# PROVIDED INFORMATION

[Start of Attachment]

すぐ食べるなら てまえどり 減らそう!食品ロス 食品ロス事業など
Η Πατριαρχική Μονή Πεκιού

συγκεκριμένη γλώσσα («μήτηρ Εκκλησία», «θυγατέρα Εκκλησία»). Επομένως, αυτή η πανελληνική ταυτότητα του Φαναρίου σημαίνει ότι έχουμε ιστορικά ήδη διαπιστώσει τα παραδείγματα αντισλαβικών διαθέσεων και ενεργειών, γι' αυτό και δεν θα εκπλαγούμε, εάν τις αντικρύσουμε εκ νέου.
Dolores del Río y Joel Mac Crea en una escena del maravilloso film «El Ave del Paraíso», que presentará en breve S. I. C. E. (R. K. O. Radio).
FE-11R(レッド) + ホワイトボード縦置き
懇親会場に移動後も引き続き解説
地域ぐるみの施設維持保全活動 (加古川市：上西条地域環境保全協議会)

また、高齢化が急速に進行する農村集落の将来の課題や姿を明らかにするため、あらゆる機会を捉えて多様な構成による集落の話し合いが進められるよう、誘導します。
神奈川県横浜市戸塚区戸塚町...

[End of Attachment]
[Start of Attachment]

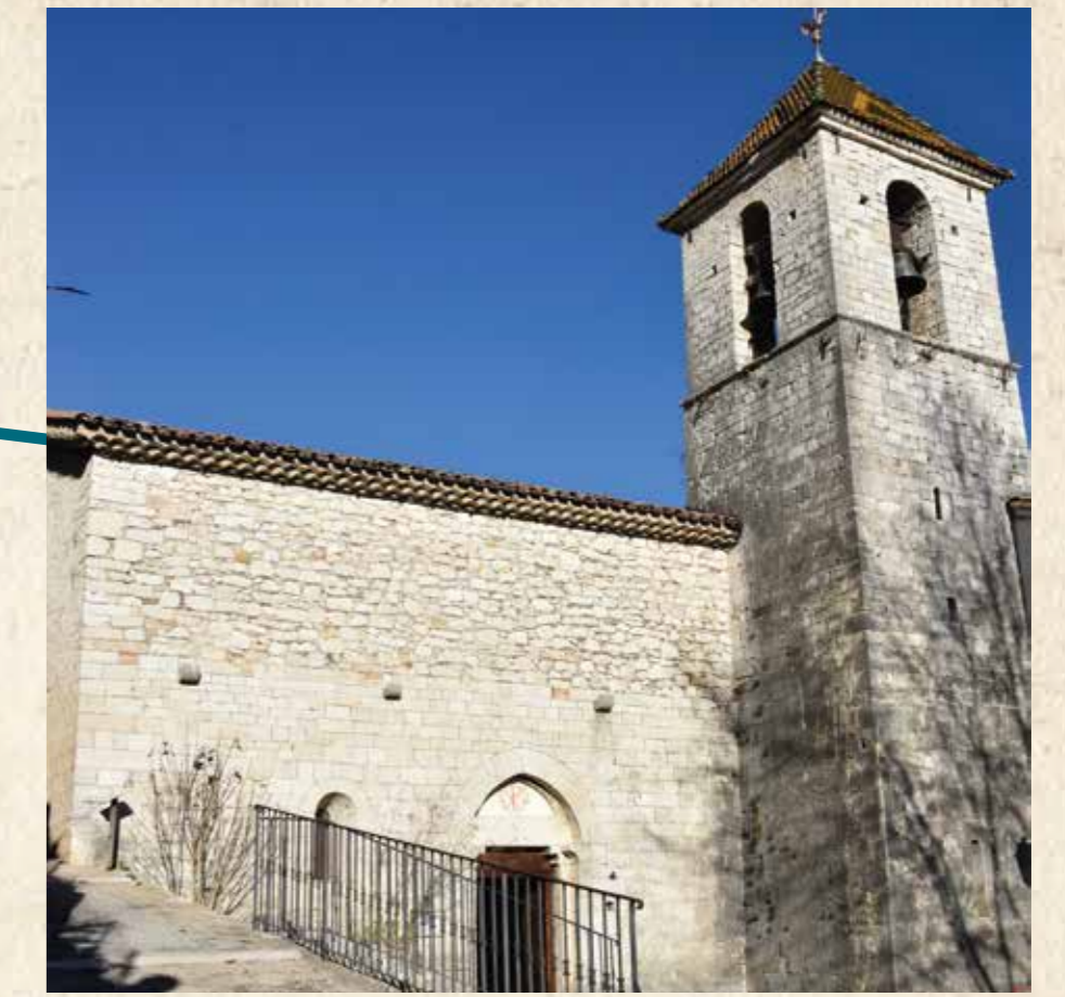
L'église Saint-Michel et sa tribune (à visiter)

[End of Attachment]
[Start of Attachment]

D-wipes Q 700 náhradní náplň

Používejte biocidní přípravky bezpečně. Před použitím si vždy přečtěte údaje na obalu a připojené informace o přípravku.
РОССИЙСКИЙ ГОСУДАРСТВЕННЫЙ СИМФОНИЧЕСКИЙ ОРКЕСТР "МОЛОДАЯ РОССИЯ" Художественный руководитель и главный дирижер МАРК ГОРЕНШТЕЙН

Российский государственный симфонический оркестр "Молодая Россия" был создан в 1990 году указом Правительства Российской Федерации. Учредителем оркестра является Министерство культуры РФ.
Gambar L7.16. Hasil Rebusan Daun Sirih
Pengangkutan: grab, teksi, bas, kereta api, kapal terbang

[End of Attachment]

# PROBLEM DESCRIPTION
Give the exact lines, and only those, from the line containing "すぐ食べるなら てまえどり 減らそう!食品ロス 食品ロス事業など" through the line containing "神奈川県横浜市戸塚区戸塚町..." in the entries above.

# EXERCISE SOLUTION
すぐ食べるなら てまえどり 減らそう!食品ロス 食品ロス事業など
Η Πατριαρχική Μονή Πεκιού

συγκεκριμένη γλώσσα («μήτηρ Εκκλησία», «θυγατέρα Εκκλησία»). Επομένως, αυτή η πανελληνική ταυτότητα του Φαναρίου σημαίνει ότι έχουμε ιστορικά ήδη διαπιστώσει τα παραδείγματα αντισλαβικών διαθέσεων και ενεργειών, γι' αυτό και δεν θα εκπλαγούμε, εάν τις αντικρύσουμε εκ νέου.
Dolores del Río y Joel Mac Crea en una escena del maravilloso film «El Ave del Paraíso», que presentará en breve S. I. C. E. (R. K. O. Radio).
FE-11R(レッド) + ホワイトボード縦置き
懇親会場に移動後も引き続き解説
地域ぐるみの施設維持保全活動 (加古川市：上西条地域環境保全協議会)

また、高齢化が急速に進行する農村集落の将来の課題や姿を明らかにするため、あらゆる機会を捉えて多様な構成による集落の話し合いが進められるよう、誘導します。
神奈川県横浜市戸塚区戸塚町...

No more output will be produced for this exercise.